Forward-looking statements are not guarantees of future performance and such risks, uncertainties, contingencies and other important factors could cause the actual outcomes and the results of operations, financial condition and liquidity of BenevolentAI or Odyssey and other members of their respective groups or the industry to differ materially from those results expressed or implied in the Information by such forward-looking statements. No assurances can be given that the forward-looking statements will be realized.
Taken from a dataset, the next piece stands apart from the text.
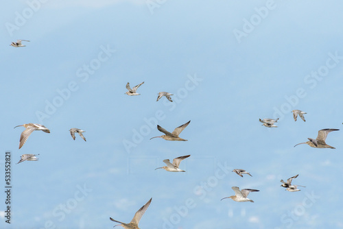 Obraz premium 野鳥のシギの群れ

The forward-looking statements speak only as of the date of this release. BenevolentAI and Odyssey expressly disclaim any obligation or undertaking to release any updates or revisions to any forward-looking statements to reflect any change in their expectations with regard thereto or any changes in events, conditions or circumstances on which any forward-looking statements are based. No representation or warranty is made that any of these forward-looking statements or forecasts will come to pass or that any forecast result will be achieved. Undue influence should not be given to, and no reliance should be placed on, any forward-looking statement.